When someone is injured at their workplace, their on the job injury is covered by an established workers’ compensation program. Usually, this is something overseen by the state government. Indiana and Illinois, for example, both have state-wide workers’ compensation for state workers established by state statutes.
What is Workers’ Compensation?
Under state workers’ compensation laws, employers have a legal duty to make sure that their employees are safe when working on the job and as part of that protection, in the event of an on-the-job injury, employers are required to carry workers’ compensation insurance.
This is a special kind of insurance, and it’s different than the standard accident injury coverage that applies to personal injuries like car crashes or premises liability claims like slip and falls at the shopping mall.
Under Workers’ Compensation in Indiana and Illinois, an injured worker will get coverage for their medical care as well as cash payments for a percentage of the income that they are not able to earn on the job due to the injury. However, key here is that under this program the employers are protected from personal injury lawsuits by those workers who have been hurt on the job. The worker cannot sue the employer for negligence as a general rule under this plan.
So, if a Hoosier is injured on the weekend in a car crash driving his own SUV, then his injury claim proceeds under standard Indiana injury law. He can generally file a lawsuit against any at fault party. If a Hoosier is injured in a car crash while on the job, say on his way to a district sales meeting, then the workers’ compensation program applies to his accident. He cannot file a negligence lawsuit against his employer unless he can jump certain legal hurdles.
Federal Workers’ Compensation in Specific Kinds of Work
There are some federal workers’ compensation programs where the federal government protects the worker, not the state, if the work is in a specific industry. For instance, if your work involves the Great Lakes’ shipyards, then federal coverage (not state) may apply to your accident if you are hurt at work. Another example are those working in coal mines in our part of the country: miners also have special coverage for on the job injuries under federal law.
1. Longshoremen and Maritime Workers Hurt While Working
For instance, the Longshoremen and Maritime Workers in Indiana and Illinois are covered for work injuries by federal law, the Longshore and Harbor Workers’ Compensation Act (”LHWCA”). Here, as described by the Department of Labor, from the Act:
LHWCA provides compensation and medical care to employees disabled from injuries that occur on the navigable waters of the United States or in adjoining areas used in loading, unloading, repairing or building a vessel. Survivor benefits also are provided if the work-related injury causes the employee’s death.
2. Coal Miners Hurt On the Job
Kentucky may be famous for its coal mines, but Indiana and Illinois have plenty of workers who are coal miners, too. The Black Lung Benefits Act (”BLBA”) provides special coverage to coal miners who suffer from black lung disease (pneumoconiosis).

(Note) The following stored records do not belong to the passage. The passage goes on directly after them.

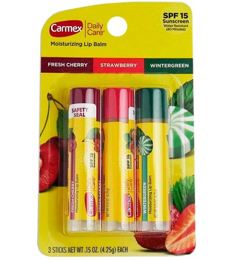[CARMEX] Набор бальзамов для губ в стике CARMEX 3-Pack Cherry, Strawberry, Wintergreen SPF 15 3х4,25 г Набор для губ Carmex состоит из 3-х водостойких увлажняющих солнцезащитных бальзамов с SPF 15. Средства за уходом губ делают губы мягкими, гладкими и ухоженными, ежедневно увлажняют и защищают от солнца, помогают предотвратить появления солнечных ожогов. Также бальзам для губ имеет нежную текстуру и приятный аромат сочной вишни, клубники и мяты. Способ применения: Нанесите небольшое количество бальзама на чистые, сухие губы.
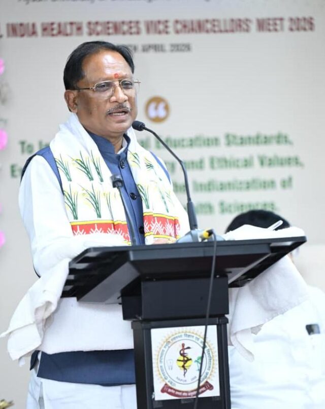 रायपुर: मुख्यमंत्री श्री विष्णु देव साय ने आज नवा रायपुर स्थित पंडित दीनदयाल उपाध्याय स्मृति स्वास्थ्य विज्ञान एवं आयुष विश्वविद्यालय में आयोजित ऑल इंडिया हेल्थ साइंसेज वाइस चांसलर मीट-2026 को संबोधित करते हुए इसे प्रदेश के लिए एक ऐतिहासिक और गौरवपूर्ण अवसर बताया। उन्होंने भगवान श्रीराम के ननिहाल छत्तीसगढ़ की पावन धरा पर देशभर से आए कुलपतियों, शिक्षाविदों और विद्यार्थियों का आत्मीय स्वागत किया।
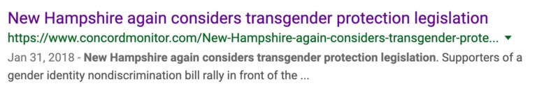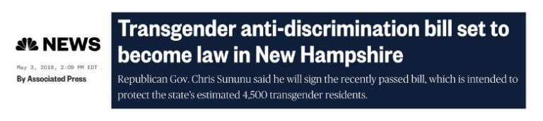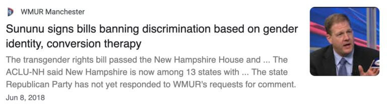 CrossCurrent Communications was hired to provide PR and media relations for a statewide initiative to add gender identity to NH’s nondiscrimination law. An intensive multi-year campaign was ultimately successful as the bill passed the Republican controlled NH Legislature and was signed by Republican Governor Chris Sununu.
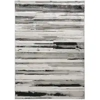 Enhance your living area with this striking rug that intricately weaves together tones of beige, black, and gray. Measuring 5x8 feet, this floor covering is the perfect blend of luxury and practicality, making it ideal for high traffic areas.
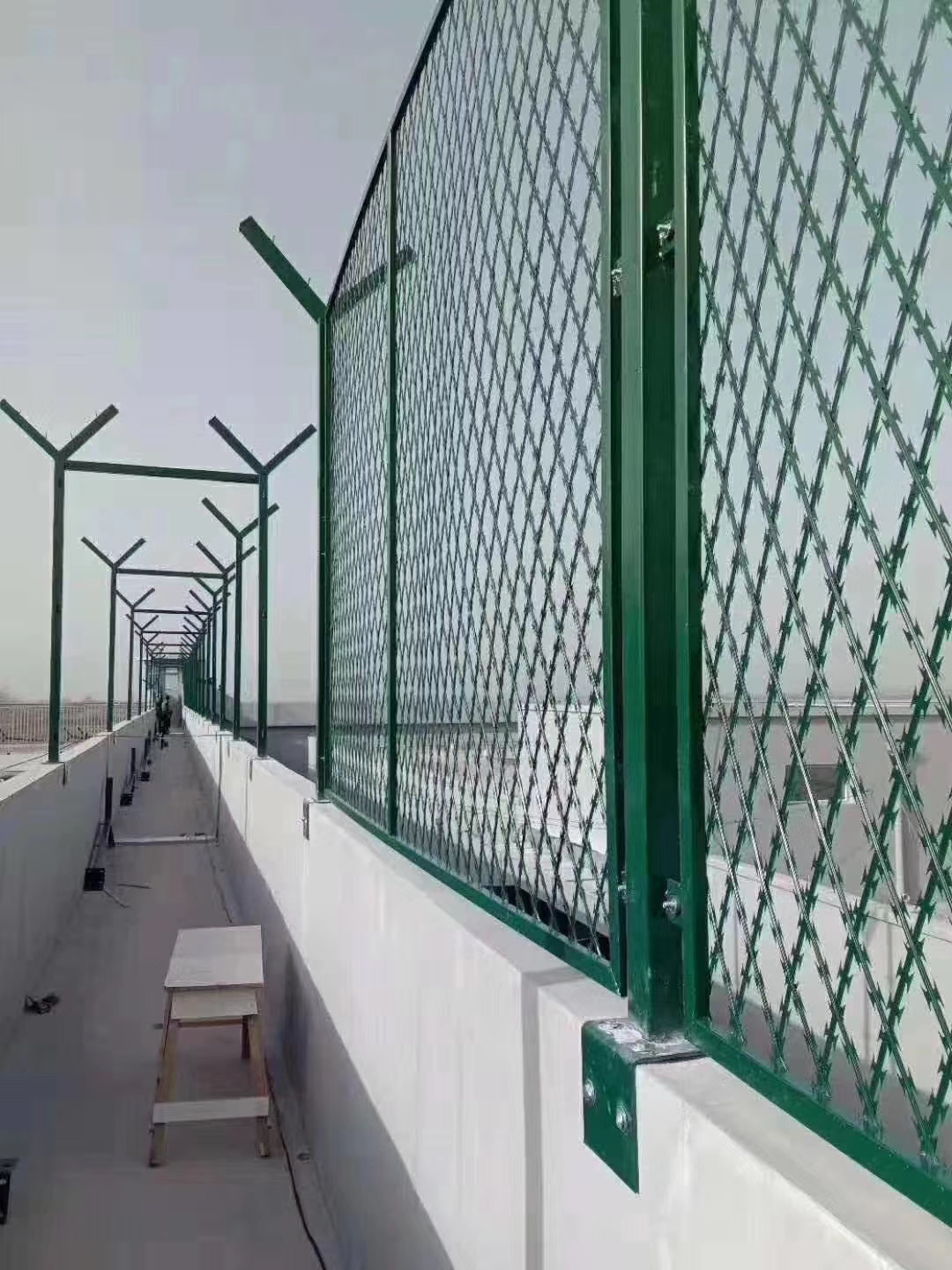 監(jiān)獄隔離網安全性高,防攀爬能力強,連接方式采用特殊的SBS緊固件連接,可有效防止人為破壞性拆除,四個水平彎肋大大提高了監(jiān)獄隔離網的強度,監(jiān)獄隔離網美觀實用,易于運輸和安裝,可根據地面的需要調節(jié)監(jiān)獄隔離網的連接位置。監(jiān)獄隔離網的高度因使用地點而異,監(jiān)獄隔離網的高度通常一般為4.2米,平坦地方的監(jiān)獄隔離網的高度為4米,末端為6米,監(jiān)獄附近的圍欄高度通常超過6米,并且隔離網頂部設有刀片,可以有效的阻斷犯人逃跑的想法。監(jiān)獄隔離網不容易因外部沖擊而變形,具有高度的靈活性,可以根據現場要求隨時進行調整,監(jiān)獄隔離網色澤鮮艷,規(guī)格齊全,網眼表面平整,張緊力強,現場施工靈活,近年來,監(jiān)獄隔離網已廣泛用于監(jiān)獄,軍事基地和其他安全場所。
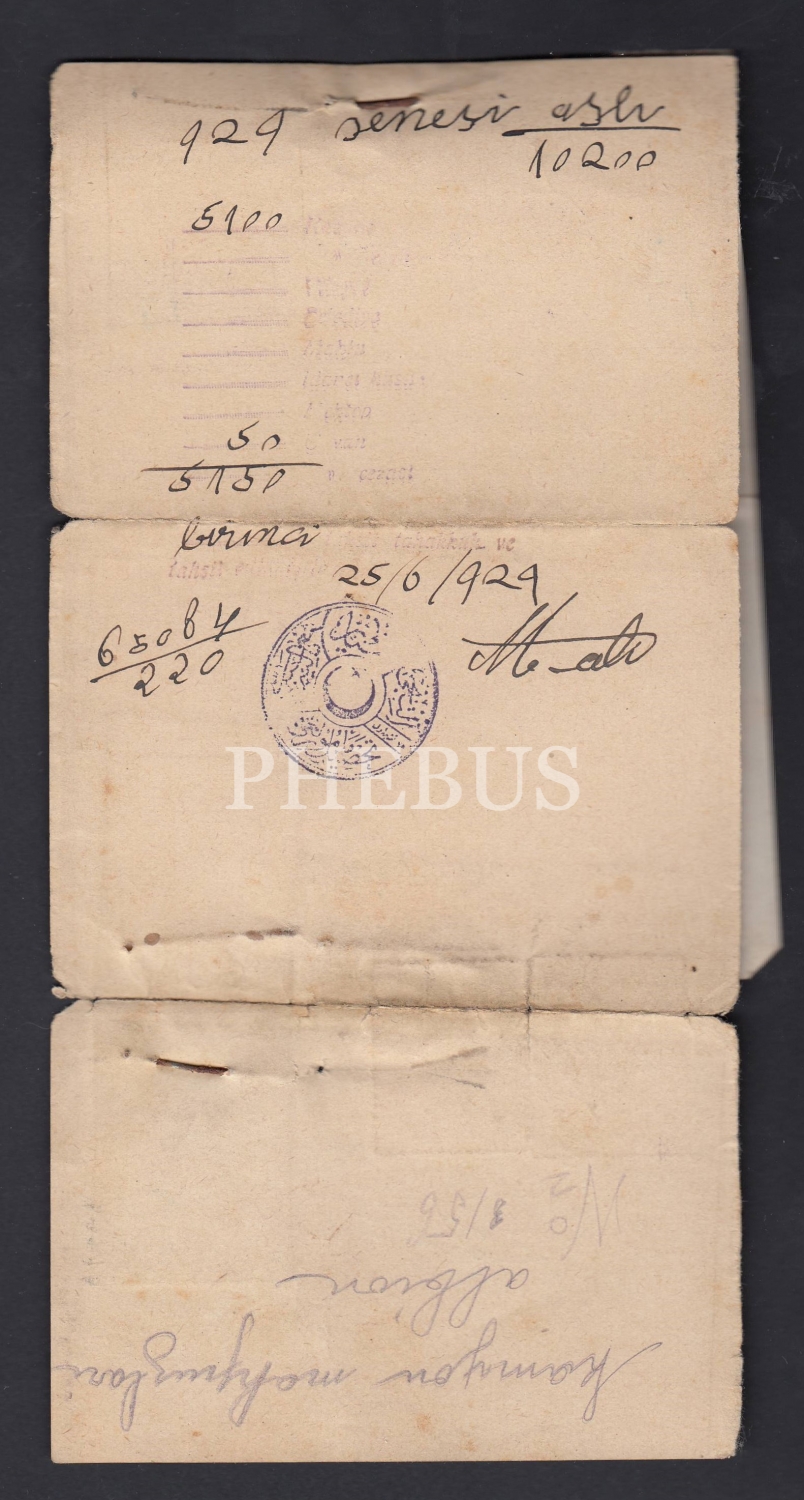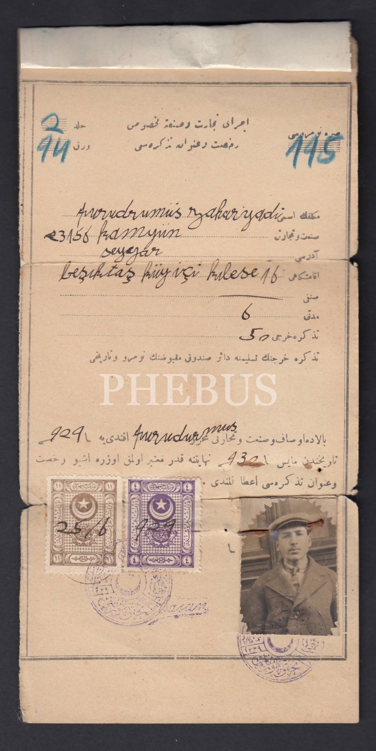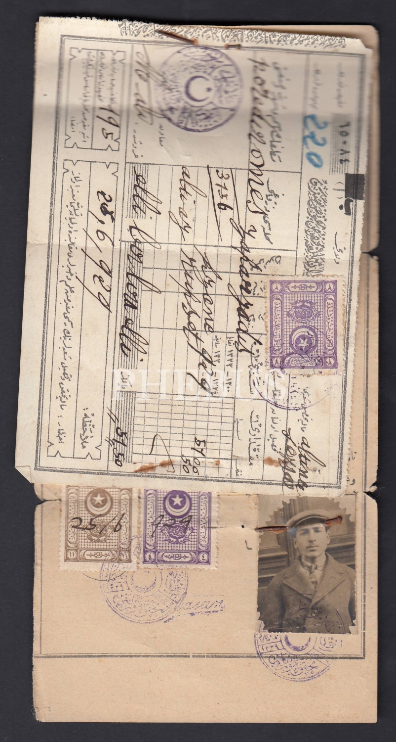 25 Haziran 1929 tarihli, Prodromes Zahariadis´e ait fotoğraflı "İcra-yı Ticaret ve Sanata Mahsus Ruhsat ve Unvan Tezkiresi" ve 51 lira 50 kuruşluk makbuzu...
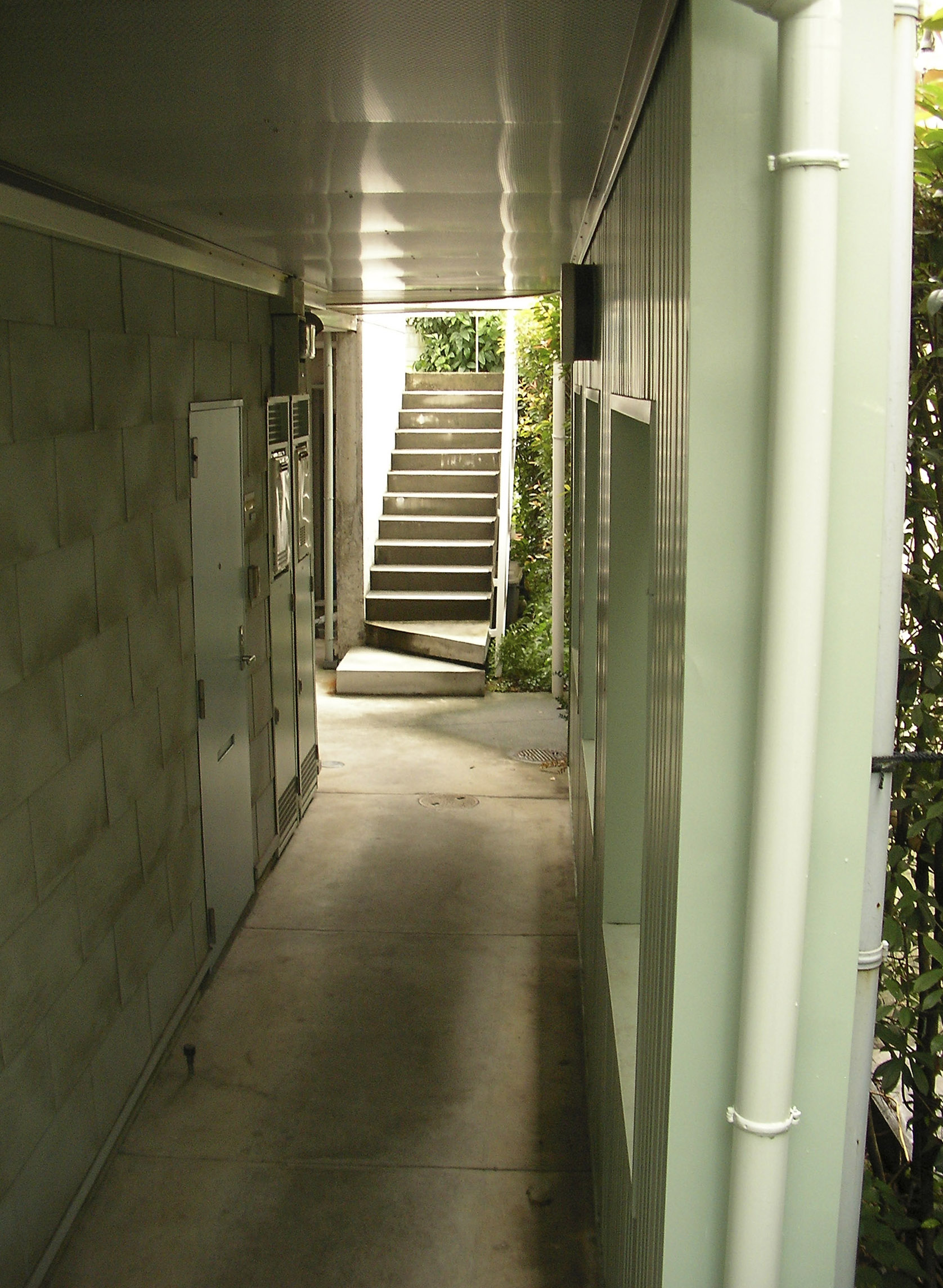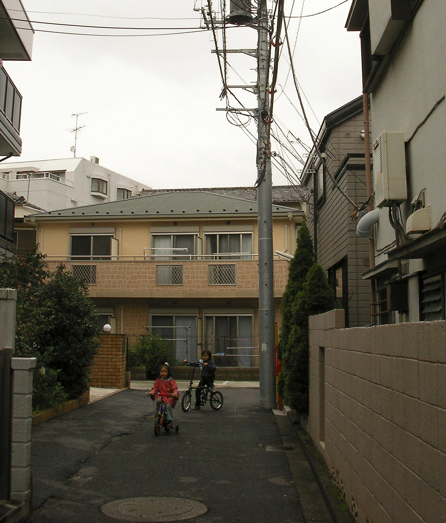 히가시나카노 아파트는 상업용 빌딩이 건물 늘어서 있는 큰길에서 주택가 골목으로 몇 발자국 들어간 곳에 서 있는데, 이 근처도 한때는 소규모 단독주택 위주의 주택가였음직한 곳이나, 지금은 2층 전후의 아파트와 중층 맨션들 틈에서 듬성듬성 단독주택을 볼 수 있는 정도의, 도시부 주택지에서 볼 수 있는 익숙한 풍경이다. 답사 당시에도 신축 공사를 위한 공사알림 표지만을 꼽아놓은 조그만 빈부지가 여기 저기 보였다.

Here, federal workers’ compensation pays monthly cash payments and covers medical expenses to those coal miners with black lung disease and it also provides death benefits to the deceased miner’s survivors.
Federal Oversight of State Workers’ Compensation Programs
Right now, state workers’ compensation programs operate independently of the federal government. They are established under state law. There is no federal agent that reviews or oversees the Indiana program or what Illinois does in its workers’ compensation system. It’s a question of jurisdiction: the federal government doesn’t have the jurisdiction to do this.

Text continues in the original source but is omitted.